Os pensamentos feministas entraram na minha vida com os dois pés na porta por volta de 2015, 2016. Foi um movimento da sociedade brasileira, da internet, que a meu ver se misturou a uma demanda que a gente já tinha no Brasil de entender os lugares da mulher. Ali eu comecei a refletir mais e buscar analisar melhor várias situações da minha vida, seja no âmbito pessoal, de relacionamentos, de família, de trabalho, tudo. Ser mulher é uma coisa que é difícil o tempo inteiro. É muito desrespeito, assédio, é muita coisa que a gente passa. Parece que uma chavinha virou para mim, saí de alguns projetos musicais, criei a Fanfarra Feminina Sagrada Profana como uma forma de contribuir com o movimento. Muita coisa vem mudando para mim de lá pra cá. É um sentimento profundo.



Essas ideias estão presentes no disco.

Fiz questão que estivessem presentes. O feminismo está muito forte na sociedade, mas ainda não está muito representado no nosso cancioneiro. Num momento em que temos representantes da misoginia no mais alto escalão político, senti mais uma vez que precisava falar sobre isso. Musicalmente, eu quis usar uma linguagem que se aproximasse com o rap porque ritmo e poesia eram exatamente os canais que essas ideias precisavam.
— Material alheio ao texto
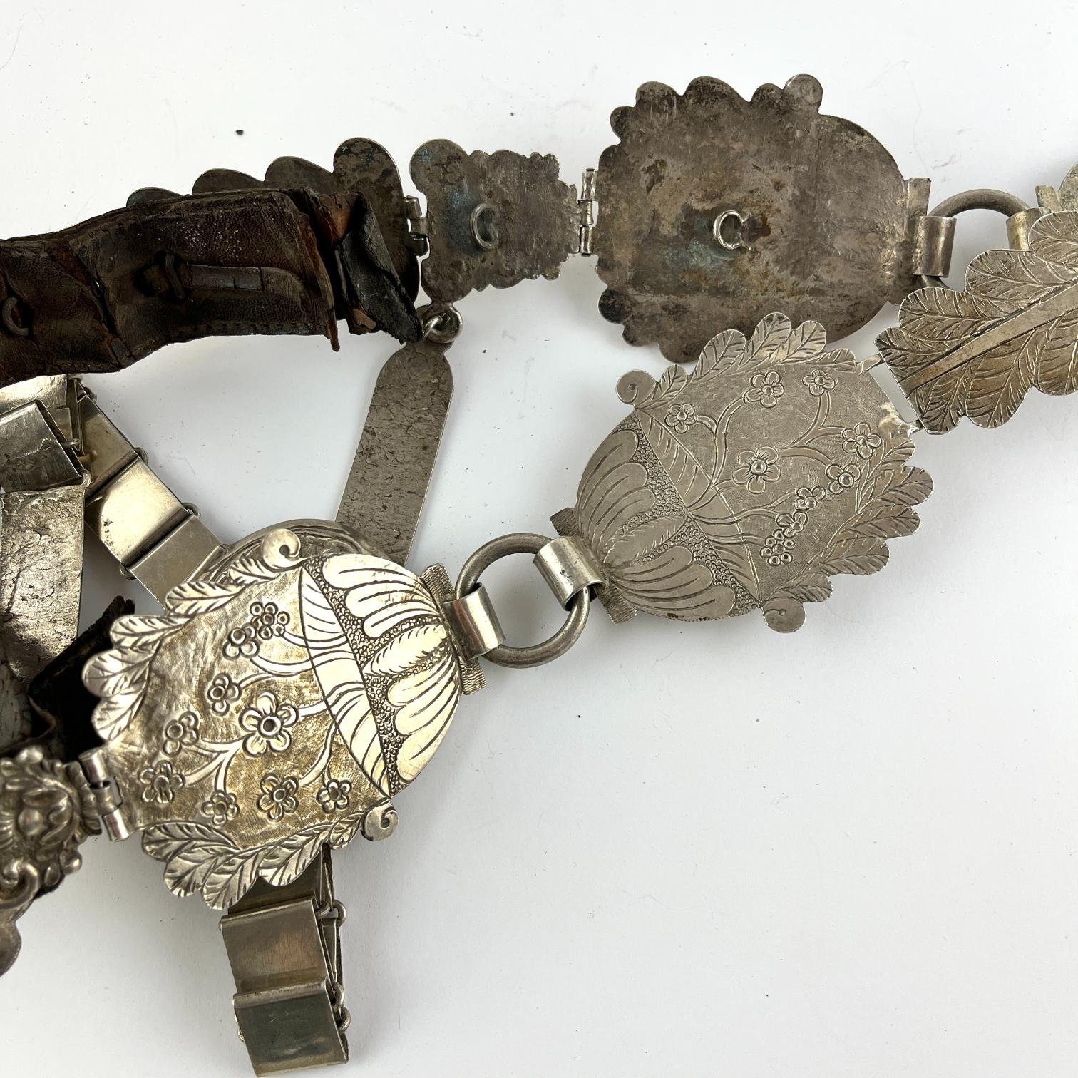 Importante fiador realizado en placas de plata cincelada «hojas y flores», con frontal en eslabones de plata lisa y medallón cincelado «flor». Ca 1900. Pieza que perteneció a Don Nicanor Amaro, propietario de la estancia «El Hervidero» en el departamento de Salto, sitio donde se radicara el campamento artiguista de Purificación en 1815.
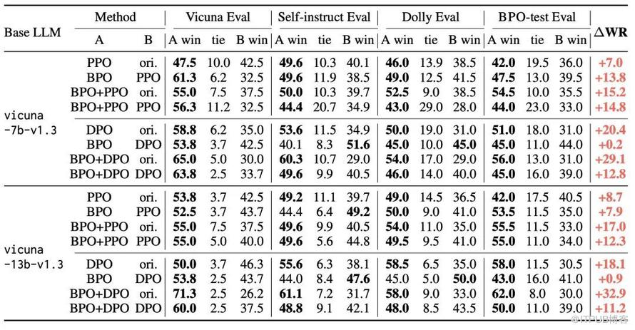 BPO可以应用在任何LLM模型上,经验结果表明,使用BPO对齐的ChatGPT的胜率比原始版本提高了22%,GPT-4的胜率提高了10%。对于相同的LLM,BPO对齐的LLM性能优于PPO和DPO对齐,而且BPO技术可以与PPO或DPO进行组合使用,可能带来额外的性能增益。
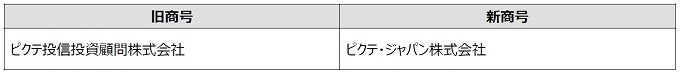 変更⽬的:グローバル規模で幅広く資産運用業を展開する、ピクテ・グループの日本における拠点であることを明確にするとともに、従来の投信業務、投資顧問業務から、将来の新しい資産運用業の在り方を追求する社名に変更し、また投資家の皆さまにも、より親しみを感じていただけるよう、社名を変更するものです。
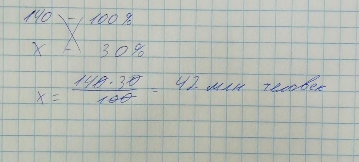 х = 140 млн. чел. * 30 : 100
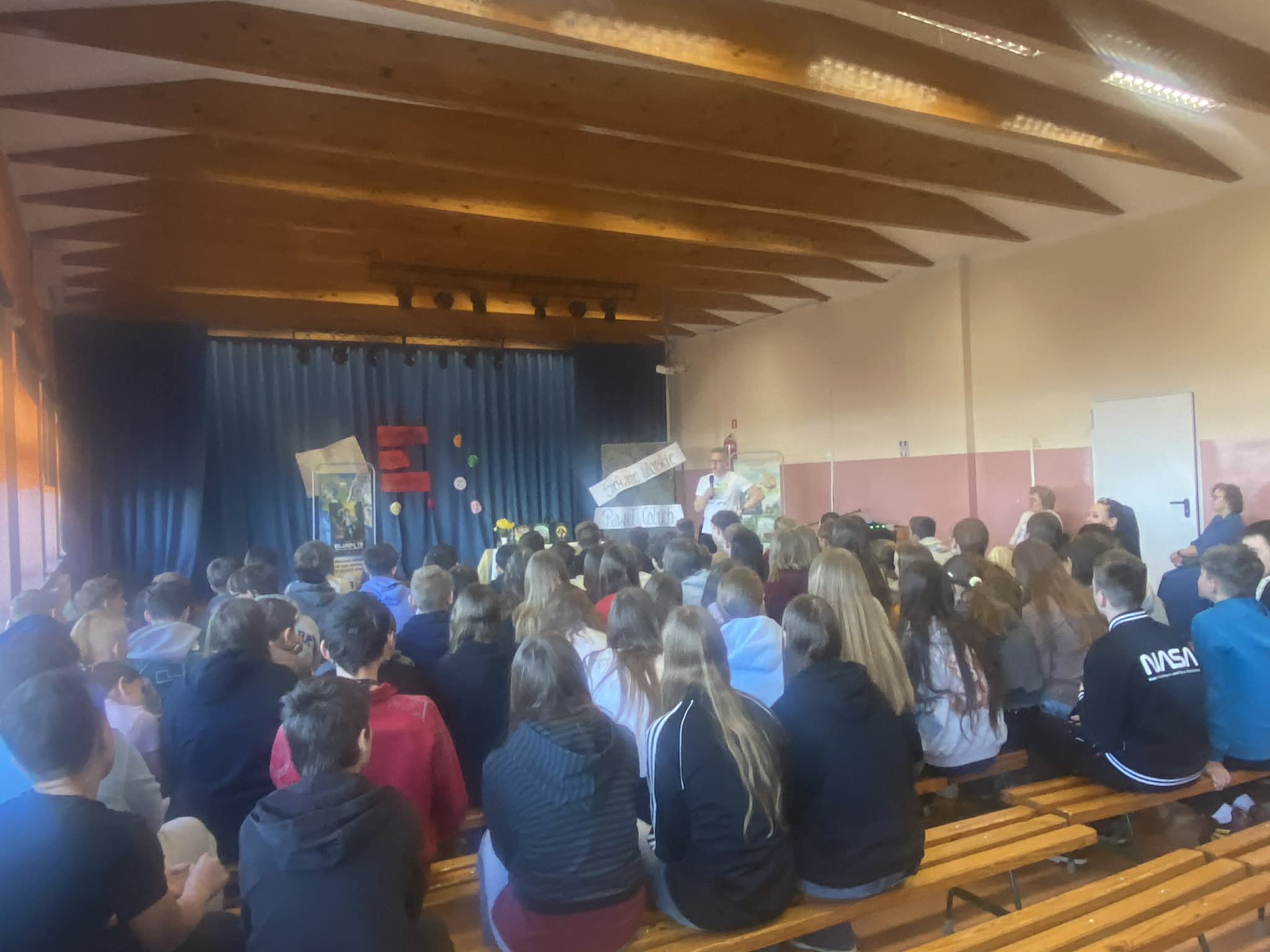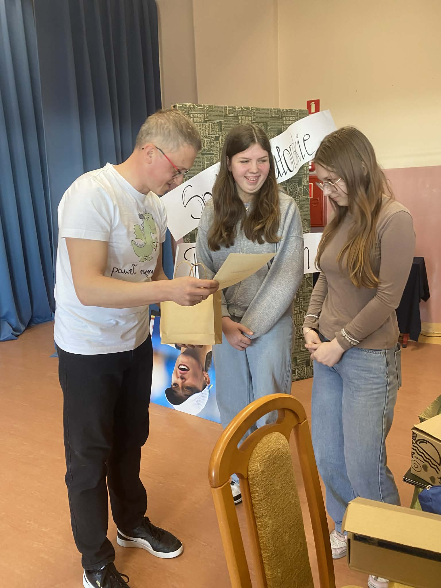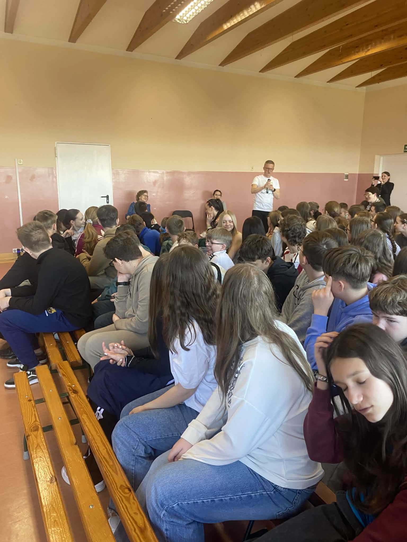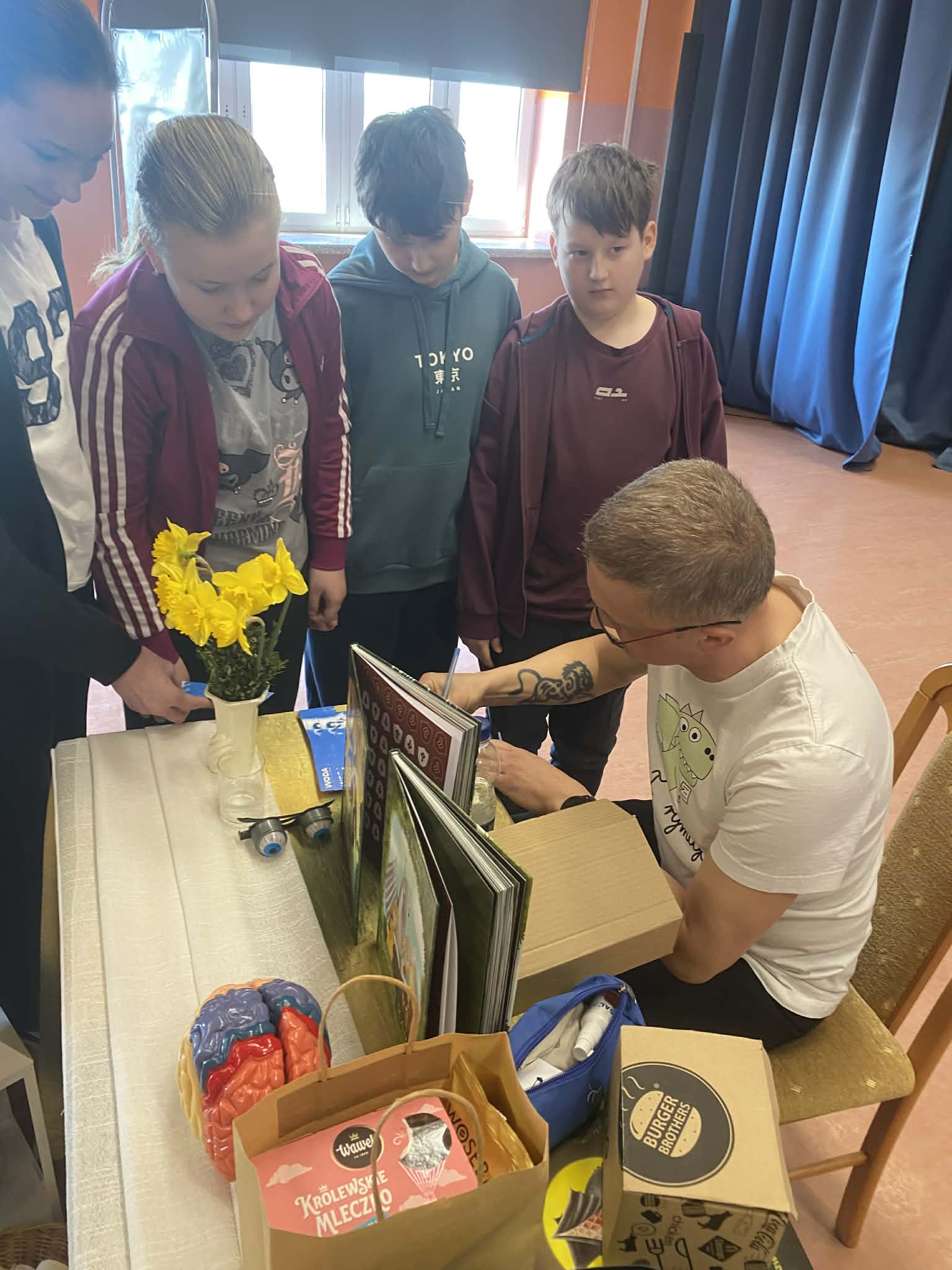 17 kwietnia 2026 r. na prawdziwie literacko-naukowe show zaprosił uczniów kas 6 i 7 poeta i pisarz Paweł Gołuch. Podczas spotkania nie było miejsca na nudę, każda chwila wypełniona była czymś ciekawym i zabawnym. Pojawiły się istotne rekwizyty i pomoce naukowe, które udowadniały, jak wspaniały jest ludzki mózg. Nasz gość podzielił się również spostrzeżeniami na temat sposobów pisania i tworzenia tekstów, opowiadał o powodach, dla których zaczął swoją przygodę z książkami.
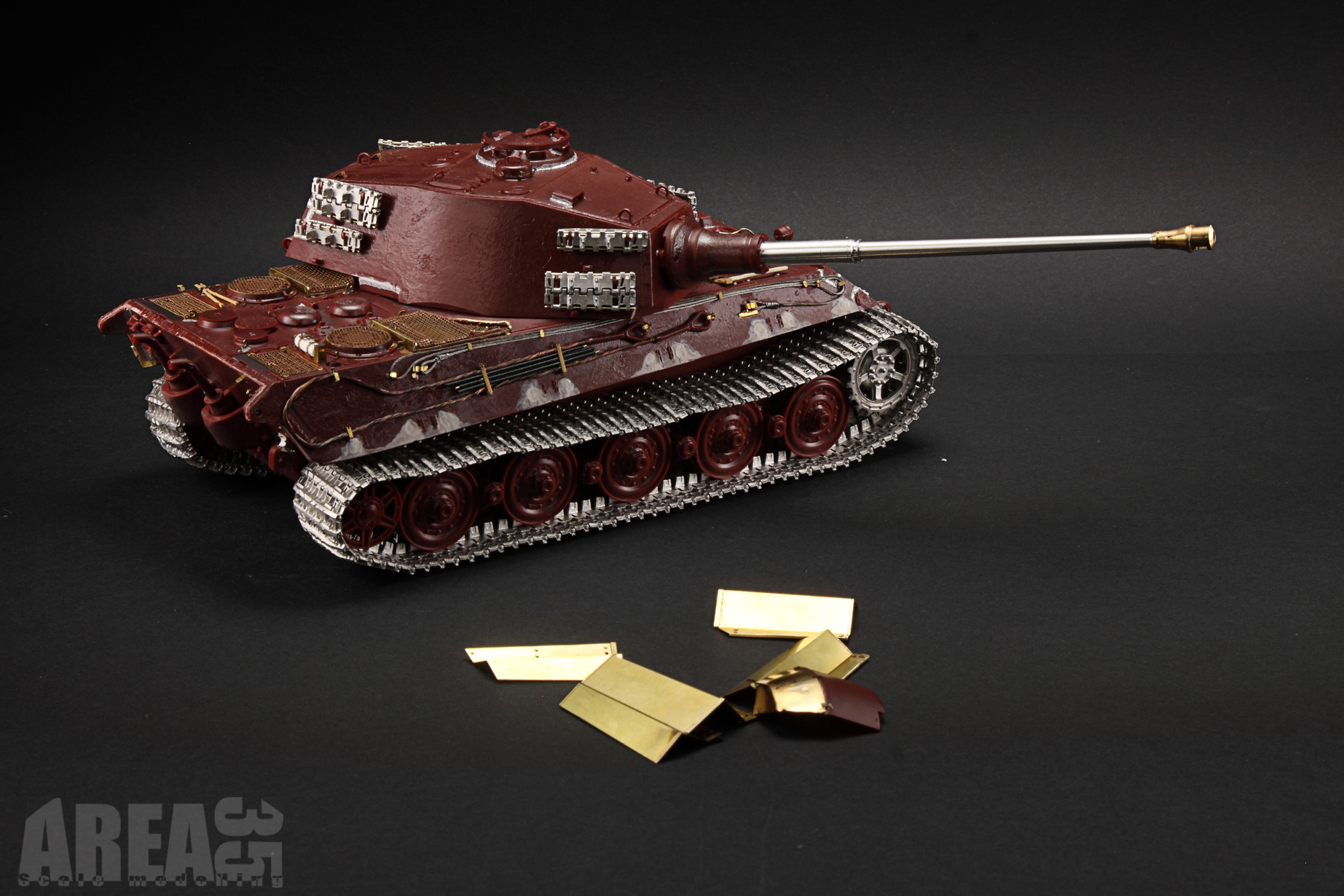 Из допов, травление, точенный ствол пушки и всех пулеметов, ручки инструмента деревянные сделал, фриул траки позднего тигра, тросы из провода (не нравятся), фендеры все на магнитах можно играться снимать одевать, перископы отражают красивый закат (типа))) )
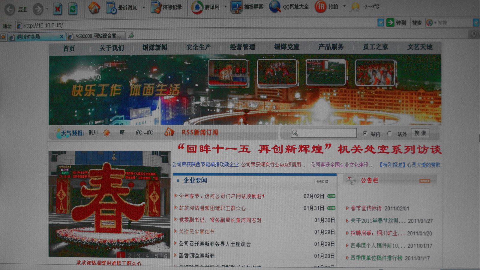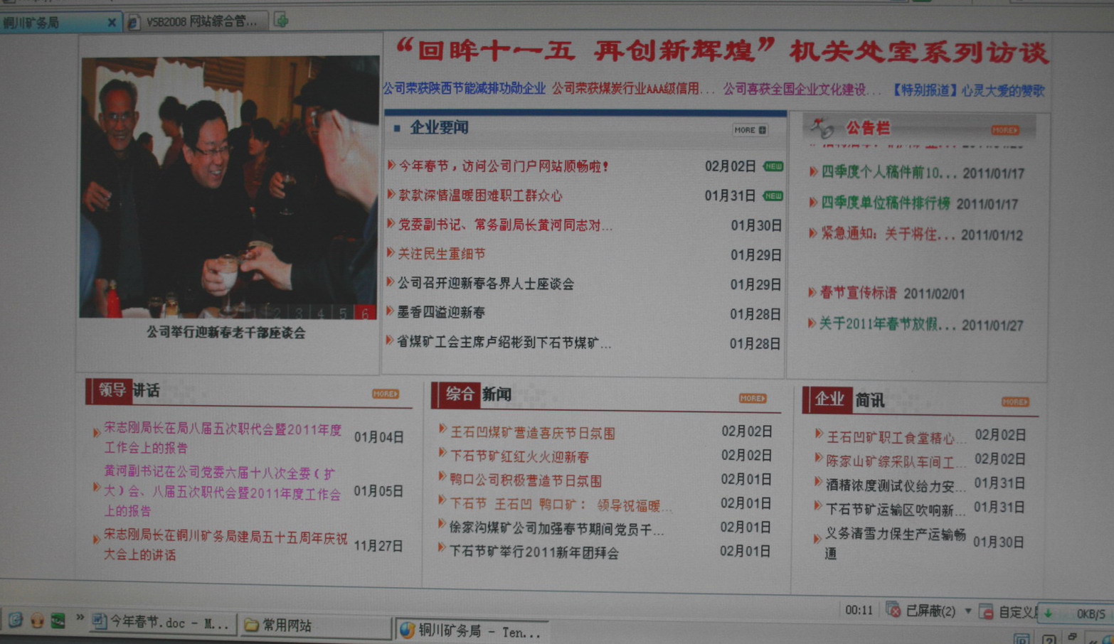 春節(jié)臨近,公司廣大職工群眾和社會各界人士在百忙中依然十分關心銅川礦業(yè)公司的發(fā)展變化和“十二五”開局之年的新面貌新氣象。與以往不同的是,今年春節(jié),大家足不出戶,便可通過互聯(lián)網輕松、順暢地訪問公司門戶網站,了解自己想要迫切知道的相關新聞及信息。不少人向公司黨委宣傳部和信息中心打來電話激動地說:“今年春節(jié),訪問咱們銅川礦業(yè)公司門戶網站順暢啦!”
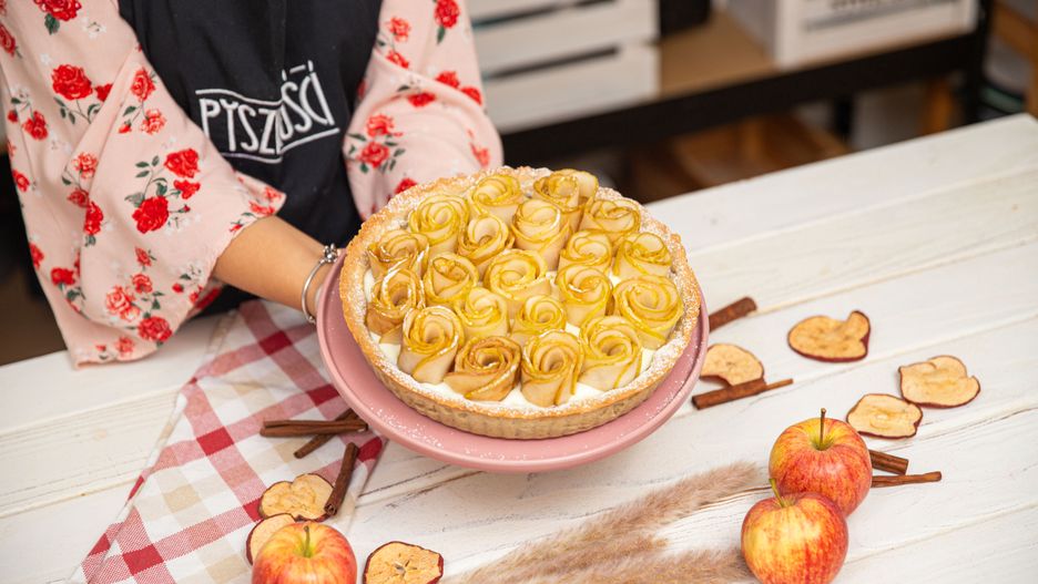 Pyszna krucha tarta z różyczkami jabłkowymi i budyniem to przepis na pyszny deser w jesiennym wydaniu. Dzięki takiej formie podania zamienia się w jadalne dzieło sztuki, które będzie piękną dekoracją stołu.

Comecei a ouvir mais rap depois do contato com o Rafael Fantini (produtor do disco) e acabou que no processo de produção a música foi adquirindo novos rumos, novas referências, o rap me trouxe a ideia de fazer uma poesia mais falada que cantada. O Rafa criou o beat com os sentimentos dele, tem uma pegada também de dance, sem se prender a nenhum estilo, a nossa mistura acabou ficando bem brasileira e acho que daí vem o eco da nossa garota carioca, que eu admiro muito.

Você se define como “uma cria da linhagem tropicalista”. Como isso está refletido no disco?

Pela livre mistura de estilos e sonoridades, por não achar que usar uma linguagem musical me impede de usar outra, pela contestação de tempos sombrios misturada com o lirismo de ave e sou lua. Por falar de temas do Brasil, como indígenas, orixás, carnaval. Tropicalismo, para mim, é liberdade, é misturar.

O que representa para você, artista independente e mulher da cultura, lançar esse disco no Brasil de 2021?

Uma grande vitória. Estamos num momento muito sofrido como povo, e falo isso sabendo dos privilégios que tenho. Nesse momento, é essencial que a gente cuide dos nossos lugares mais íntimos, da nossa esperança, da nossa criatividade, da nossa alegria de viver, das transformações que queremos para o mundo. Estar no Brasil 2021 tem sido muito difícil para todo mundo que luta por mais justiça social, mas felizmente temos a música, a arte e a coletividade como faróis, estamos sempre na resistência fazendo isso porque acreditamos. E é muito bom saber que somos muitas, pessoas que dão valor às diferenças, que respeitam a beleza da diversidade, que acreditam na cultura e numa vida mais sensível.